The facility is primarily working with two types of fibre, bast fibres and leaf fibres. Bast fibre would include cannabis sativa of which hemp is an example. “From a bast fibre point of view, our first choice, once we are allowed to cultivate open fields on an industrial scale, will always be hemp. The mechanical strength and other properties of hemp-derived bast fibre lends itself to a very broad range of industrial applications,” says Wetsch.

She says that while there are still strict restrictions on the cultivation of hemp, the project will use flax, (which is used to make linen) sugar cane, and kenaf.

Bast fibres are typically used to produce non-woven composites which can then become anything from geotextiles used in the agri sector, nappies, and surgical face masks, to door liners and sound deadeners in autos.

When non-woven composites are thermos-moulded, they become hard. “In essence, everything that can be made from glass or carbon fibre can be made from naturally derived bast fibre,” says Wetsch.

“From a leaf fibre perspective, we are looking at creating plant-based leather applications from leaf fibre, such as pineapple and cactus,” explains Wetsch. Current leaf fibre products like Pinatex (used in apparel and accessories) and Deserto, a promising product made from cactus leaves for auto leather, still have drawbacks compared to animal hides.

“To produce an all-natural product in this segment is a key focus for product development in the next phase,” says Wetsch.

Processes add competitive advantage

The standard production process for bast fibres involves decortification, retting and fibre extraction. “The proprietary technology relates to the design of the decortification machines, the way we do the retting to maximise the fibre yield and the way in which we extract the fibre – as these relate to cost and quality, and competitive advantage. Aqua-jetting and thermos-setting are pretty standard processes, but the competitive advantage lies in the detail. The key proprietary technology on the leaf fibre applications relate to the bonding matrices,” Wetsch explains.

“Grow-a-Car” gets noticed

The CSIR/Coega Biofibre Hub or Cluster “Grow-a-Car” project, conceptualised through the partnership, was pitched to the Climate Finance Accelerator and selected to present to funds, potential strategic equity partners and climate financiers. “It gave us much-needed validation of the business case and we have offers on the equity finance we need to conclude phase one which is full bankability and commercialisation, and robust interest on the debt and equity tickets for phase 2, ” says Wetsch.

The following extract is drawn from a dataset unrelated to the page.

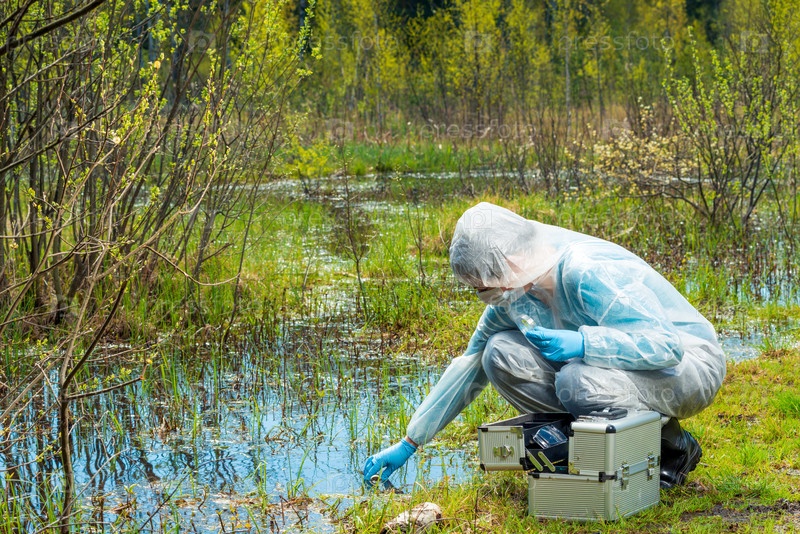 Эколог берет образец воды из лесного водоема в защитной одежде

“Regarding offtake, we have had robust interest, and have offtake commitments from a clothing manufacturer, two auto component manufacturers and even a furniture manufacturer. What is also encouraging is that we received our first call from a multinational OEM who already supports similar innovation and product development globally, and who is keen to work with us on developing the more advanced technological applications,” says Wetsch.

“An economic forecast model developed by Wetsch and Dr Langa Blouw of the Eastern Cape Rural Development Agency, for the Department of Economic Development, Environmental Affairs and Tourism, indicates that the project will create 6 000 additional jobs in the province, reaching 20 000 by the time the full value chain is developed,” says Chauke.